Living Hope Church of Salem, Oregon produces a monthly newsletter Reflections for its interested members and others. Some of the articles have a wider interest appeal. These selections we will try to reproduce here for our online visitors.

From the Summer, 2008 issue of Reflections

Editorial

Did God Goof Up?

Why is the Humpback Whale so bumpy?

Have you ever seen pictures of humpback whales, and wondered why they look so lumpy? In times past, it was sometimes taught in school that this was just one of those “accidents of nature” and that the big bumps, especially on the leading edges of the whale’s flippers, would surely reduce the efficiency of this huge sea mammal’s swim. This came in really handy as an example against God’s having any wisdom and involvement in creating it. What a joke!

Recently, however, it was discovered that those bumps actually illustrate an “elegant design characteristic”. NOW they’re even imitating it for the advancement of technology! -- So what is it that these bumps DO?

In a wind-tunnel experiment, scientists at Harvard University found that the bumps not only didn’t hinder the whale—they gave it much greater maneuverability in attack angle and momentum when feeding! The whale can perform tight rolls and loops, and climb faster through the water without “stalling” like an airplane—all because of his bumps! Now, the scientists are studying the application of what they learned – “This confirmation has led to some amazing breakthroughs in aerodynamic and aeronautic engineering. In more than a hundred years of research and design, no one had seriously considered that adding ‘bumps’ to the leading edge of an aircraft or hydrofoil wing … could provide an advantage, such as in avoidance of dangerous stalls. But it does.”

Once again, when scientists really get into a study of some part of God’s Creation—even something thought to be a “defect” or an example for the argument favoring the Theory of Evolution, it has turned out just the opposite.

“It is now recognized and appreciated as a manifestation of creative genius, of a Mind that soars far above the brilliance of the best aircraft and naval engineers, even of Harvard researchers.”

— Quotes and information from Connections magazine, page 4, “Humpback Whale Fins: Fresh Evidence for Design” by Hugh Ross, Ph.D.

——Jackie McGuire      


From the March/April, 2008 issue of Reflections

Editorial

Going Batty

By Jackie McGuire

Did you know that the bat occurs suddenly in the fossil record, with no "pre-bat" ancestors?
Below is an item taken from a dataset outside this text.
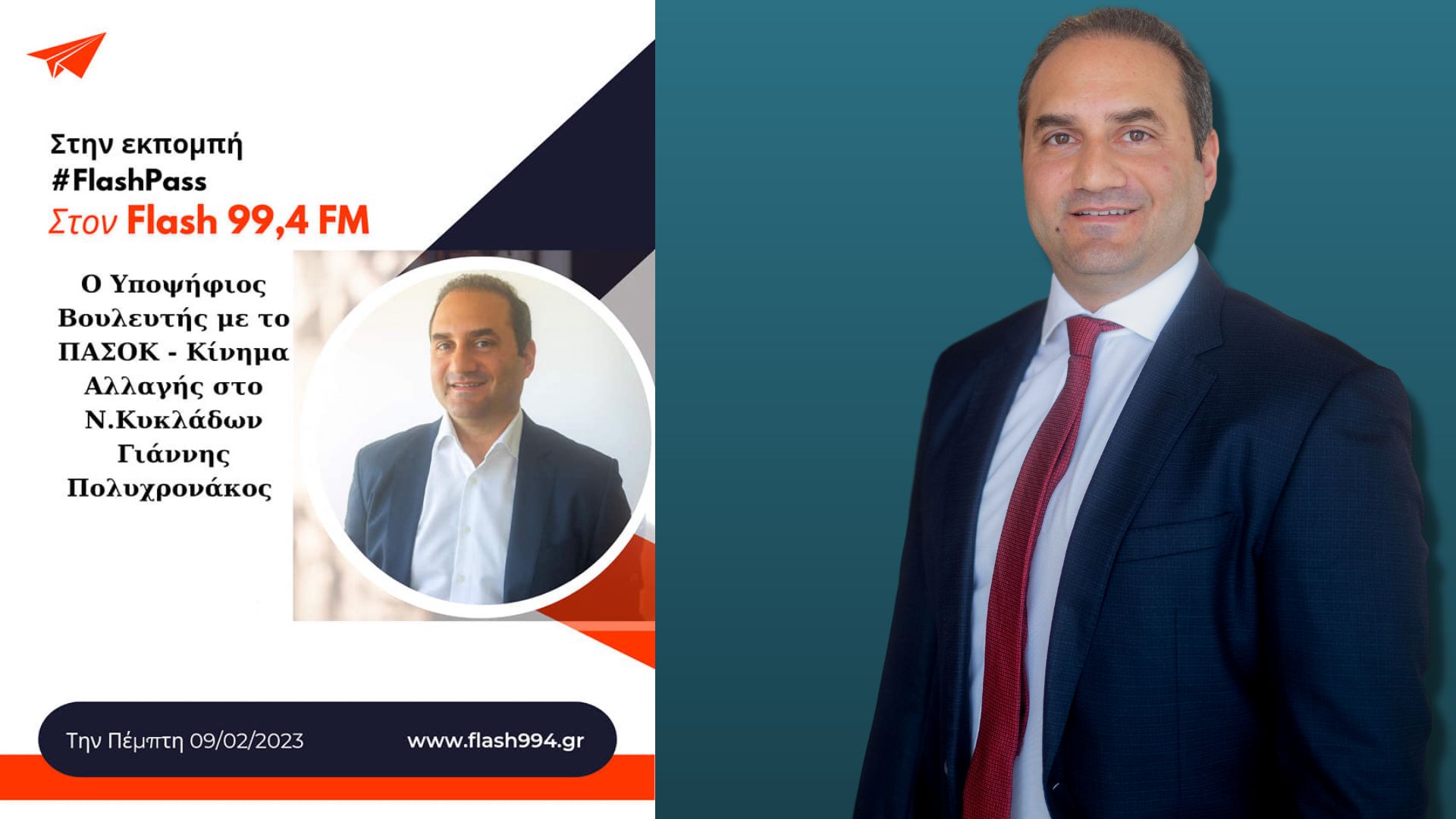 Συγκεκριμένες προτάσεις με όραμα, σχέδιο και στόχους κατέθεσε ο Υπ. Βουλευτής Κυκλάδων και Αν. Τομεάρχης Νησιωτικής Πολιτικής του ΠΑΣΟΚ, κ. Γιάννης Πολυχρονάκος, μιλώντας στην εκπομπή Flash Pass του Flash Radio 99,4.

Where did the bat come from, with its long, webbed "fingers" making up the wings, and the strange configuration of its legs? (Its knees and toes face backwards!) Another feature is the distinctive shape of the bat's skull, formed so it channels sound to the ears for its sonar (echo location). Question is, why does the fossil bat look just the same as the modern animals? Didn't it evolve like the rest of the animals? Oops—the others didn't, either! What? But we were taught in school....

Why do you suppose evolutionists get so upset when someone dares to point out that they don't really have any proof that all these animals and plants evolved over hundreds of billions of years? —Indeed, that there have only been about 18 billion years since the Big Bang and about 3.9 billion years since life began on Earth? Many highly respected scientists have changed their minds and now believe in "Intelligent Design." There's a list of 100 or more who have signed their names to it, in defiance of much censorship, bullying and name-calling by Darwinists—and you might have noticed, when someone resorts to ridicule, he does so because he doesn't have anything real to present!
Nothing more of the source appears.